I am really starting to like working overnights, I didn't at first, but now I really do.
I can't handle mother, child stories. They make me very upset.
I miss my friends. I feel like I really haven't seen much of anyone for a while. I guess that I have, but I just miss them anyway. I wanted to have loads more time with them.
I hate stereotypical teenagers and the stupid shit that they do. *growls* half of my co-workers might die.
Being sunburnt really sucks, but you really should be exhausted after a rock concert and I WAS.

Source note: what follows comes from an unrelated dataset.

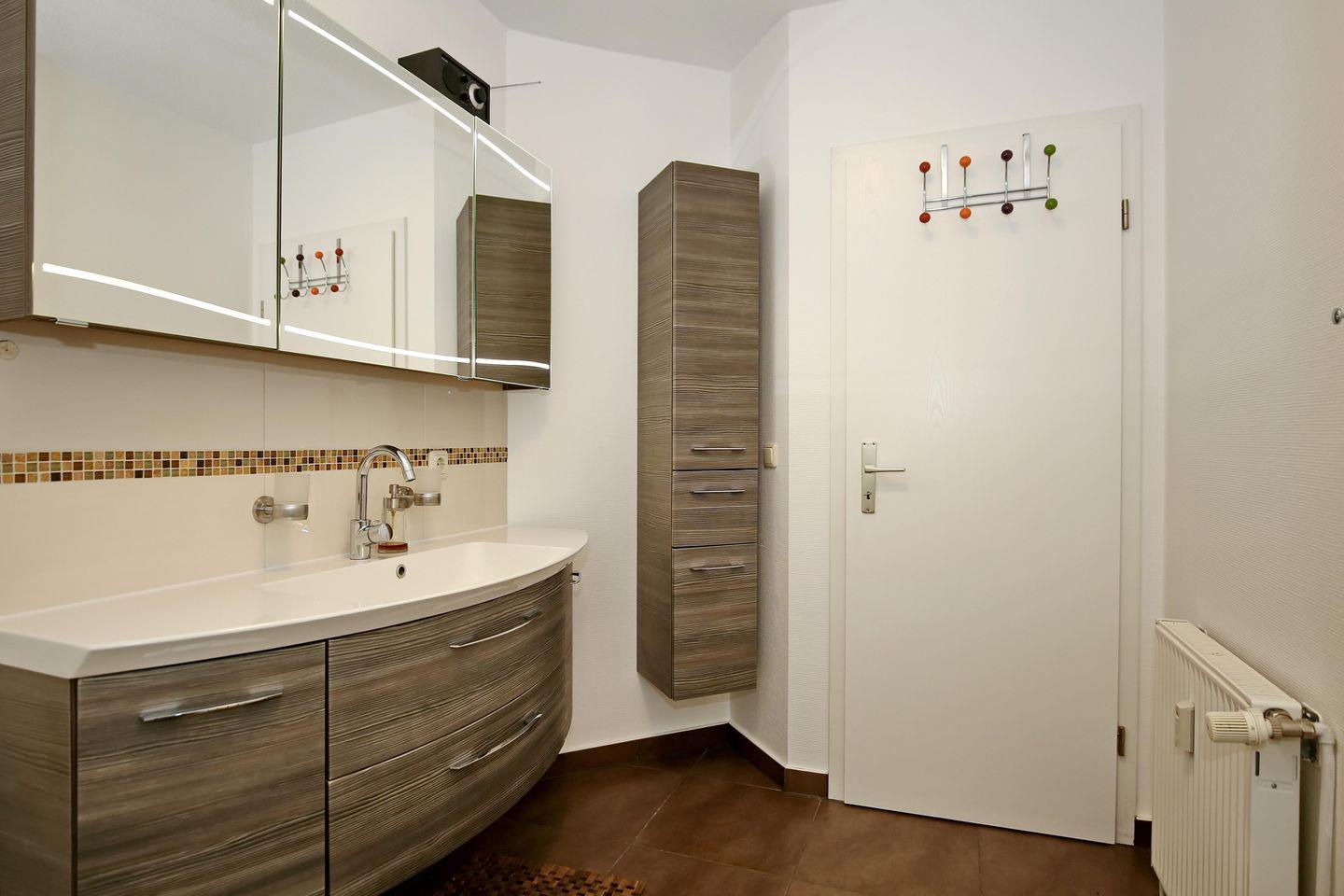 Selbstverständlich gibt es ein modernes Duschbad. Viele Ablagemöglichkeiten und ein Fön machen den Aufenthalt im Bad noch angenehmer. In der Ferienwohnung wurden Fliesen sowie ein PVC-Boden verlegt.

It really makes me happy when girls who have done themselves all up for an outdoor PUNK ROCK show, get caught in a crazy pit and come out looking like hell. It makes em feel better for going to the show without doing anything with myself.
My sister is the shit.
I have to see my family tomorrow.
I don't like sharing my room and my car and my shit all over again. hopefully Brad will hook me up though. For sure. :D
going to bed. Night.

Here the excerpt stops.